NSF grant supports planning for research to disrupt human trafficking

Large-scale research focuses on interconnections, root causes

May 2, 2025
Brett Stursa

The Human-Centered Action Research to Disrupt Trafficking team

The Human-Centered Action Research to Disrupt Trafficking team converges social sciences, health sciences, and computational modeling with lived experience expertise from survivors of trafficking.

The Human-Centered Action Research to Disrupt Trafficking (HART) team received a National Science Foundation (NSF) grant to support the planning of a research agenda aimed at disrupting human trafficking.

The HART team uses a novel scientific approach by converging social sciences, health sciences, and computational modeling with lived experience expertise from survivors of trafficking and other key stakeholders.

“What the field needs is large-scale and nuanced research on the interconnections between individuals, trafficking operations, the wide range of commercial sex market segments and labor markets, community contexts, and root causes,” says Associate Professor Lauren Martin, PhD, who’s been conducting community engaged and participatory action research on sex trading, human trafficking, and community wellbeing to illuminate real-world implications, policy, prevention, and community health since 2005.

Research thrusts focus on complex social, legal, economic, and human rights challenges

The planning includes a series of interactive remote meetings culminating in an in-person meeting in May. The results of the planning process will be the development of shared values and research philosophy, identification of key human trafficking research thrusts, and professional research connections among a wide range of experts to address those thrusts that focus on the complex social, legal, economic, and human rights challenges of human trafficking.

“The transdisciplinary team has a national scope with expertise to capture the realities and nuances of a broad range of trafficking contexts ethically and accurately and to translate that research to practice,” says Martin.

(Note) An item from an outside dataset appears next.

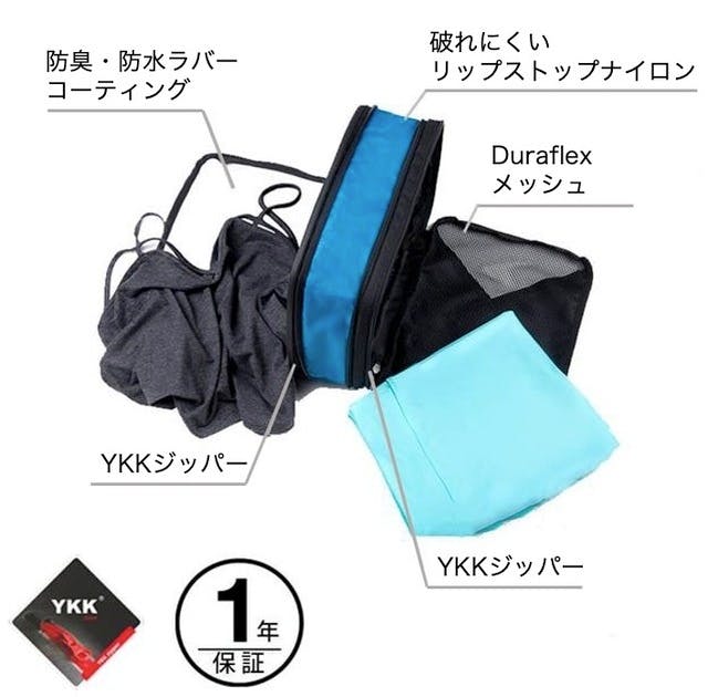 しかも、カバー側は防臭、防水コーティング付き。使用済みの衣類、ジムやランニングの後など、汗で濡れたものも気にせず入れられます。正規のYKKジッパー採用で丈夫さも折り紙付き。
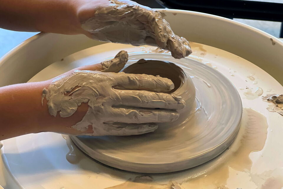 Angebote wie Schlickerplatte, Tonkiste und Töpferscheibe fördern Selbstständigkeit, Wahrnehmung und Kommunikation.

The one-year planning grant allows the HART team to convene experts from across academia, with lived experience, and working in the field to develop a new research agenda. The planning grant is funded by the NSF Centers for Research and Innovation in Science, the Environment and Society (CRISES) program.

The objective of the CRISES program is to “support interdisciplinary research to create evidence-based solutions that strengthen human resilience, security and quality of life by addressing seemingly intractable challenges that confront society,” which aligns with the HART research team’s focus. While the federal government announced in March that the CRISES program was archived, meaning it’s no longer accepting proposals, the HART team expects the workshop will inspire action-focused and community-driven research to disrupt human trafficking from the ground up.